Por último, para que seja terno, que um emaranhado de pessoas maravilhosas faria parte do centro mais abreviado da vida; que eu as conheceria, faria muitos amigos e seria eternamente grata aos meus. Que conheceria mulheres amigas, fortes e humanas; que teria tanto orgulho da poesia contemporânea brasileira.
Embora eu dedilhe como Carolina, escritora negra, ponho meu lirismo à minha frente — e nunca, jamais permitirei que tirem minha raça como algo senão dissolvido, clarificado, sem vergonhas e medo.
Contexto de meu domínio privado, tateio minha escrita letradamente sobre a perspectiva de vida como, um dia, criança-menina negra e, hoje, mulher e negra.
Escrevo poesia humana. Poesia. Se for para que eu seja entendida, que seja do aspecto que quero sê-lo: mulher negra e escritora, tendo o lirismo alimentado pela minha história.
Ninguém me cala.
Ninguém.
Que projeto você gostaria de fazer, mas ainda não começou? Que livro você gostaria de ler e ele ainda não existe?

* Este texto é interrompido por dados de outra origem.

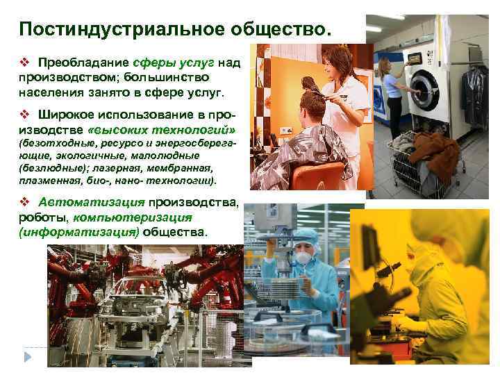 Постиндустриальное общество. v Преобладание сферы услуг над производством; большинство населения занято в сфере услуг. v Широкое использование в производстве «высоких технологий» (безотходные, ресурсо и энергосберегающие, экологичные, малолюдные (безлюдные); лазерная, мембранная, плазменная, био-, нано- технологии). v Автоматизация производства, роботы, компьютеризация (информатизация) общества.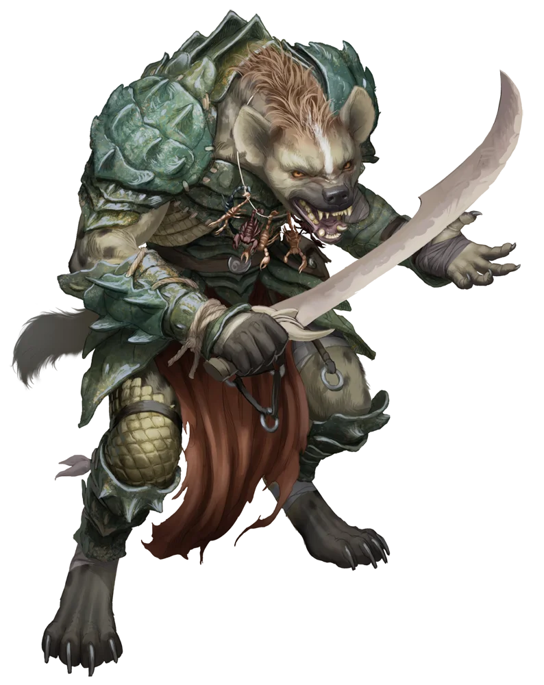 Kholo are tall, hyena-headed humanoids who dwell in savannas, warm grasslands, and arid hills. Given their appearance, their affinity for hyenas should not be surprising; kholos share their homes, food, and even many of their behaviors with these animals. Much like hyenas, kholos have a notorious reputation, for much the same reason—their uncanny laughter, frightening intelligence, and efficient pack tactics make them intimidating competition or foes. Kholos are keen to lean into these rumors, using them as a form of psychological warfare against their enemies.
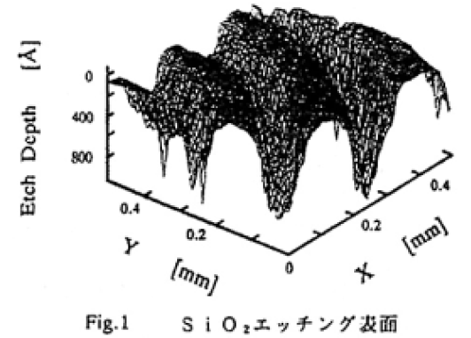 SiO2基板が存在する反応セル内に、CHClF2ガスを封入する。ここに、172nmランプを照射する。この照射により光分解したCF2*が(CF2)nとして基板表面に極薄い膜層となって堆積する。同時に、基板に対し垂直方向よりレチクルを介し、パターン状になったKrFエキシマレーザーを(CF2)n膜へ照射する。Fig.1にSiO2エッチング表面を示す。この時の条件は、CHClF2 400Torr,KrFエキシマレーザーのエネルギー密度270mJ/cm2であり、エッチング深さは、約800Åであった。

Dois projetos fotográficos meus, “Black Wall” e “White Wall”, estão abertos e em sintonia com a conclusão de meus livros (“Silêncio, este órgão”, “Papiro de marcas”, “Confronte com poesia hoje” e “Deter o tempo na palavra” — apenas o primeiro com uma editora em mente; os outros, não). Venho trabalhando nos três primeiros paralelamente há tempos.
***
Tratando-se dos livros que existem, quero ler:
Ingrid Morandian (“Se você me amasse, teria fechado os olhos”, da Editora Patuá); Lubi Prates (“Coração na boca”, da Editora Multifoco e republicado pela Patuá, “Triz”, da Editora Patuá, e “Um corpo negro”, que foi contemplado pelo PROAC com bolsa de criação e publicação de poesia); Alessandra Siedschlag (“Amor-te”, da Giostri Editora); Carla Diacov (todos os livros dela — exceto “bater bater no yuri”, lido duas vezes; e eu o leria novamente e novamente e novamente); Roberta Tostes Daniel (“Ainda ancora o infinito”, da Editora Moinhos, e “Uma casa perto de um vulcão”, da Editora Patuá); Lucas Grosso (“Nada”, da Editora Patuá); Gabriel Morais Medeiros (“Andrômaca, quarenta semestres“, da Editora Patuá);Mariana Botelho (“O silêncio tange o sino”, do Ateliê Editorial); Thiago Prada (“As Feridas do Cotidiano”, da Editora Penalux); Teofilo Tostes Daniel (“Trítonos, intervalos do delírio”, da Editora Patuá); Deborah Dornellas (“Por cima do mar”, da Editora Patuá); João Lucas Dusi (“O grito da borboleta”, da Editora Penalux); Maira Garcia (“Depois da lua de ontem”, da Editora Patuá).
Tratando-se dos inexistentes, leio qualquer coisa que vier da Iatamyra Rocha Freire, da Luana Braga, do Yuri Costa, do Fábio Pessanha, do Lucas Dantas, do Bruno Nascimento de Abreu, do Rodrigo Mendonça e de muitas outras mulheres negras e amigxs em geral.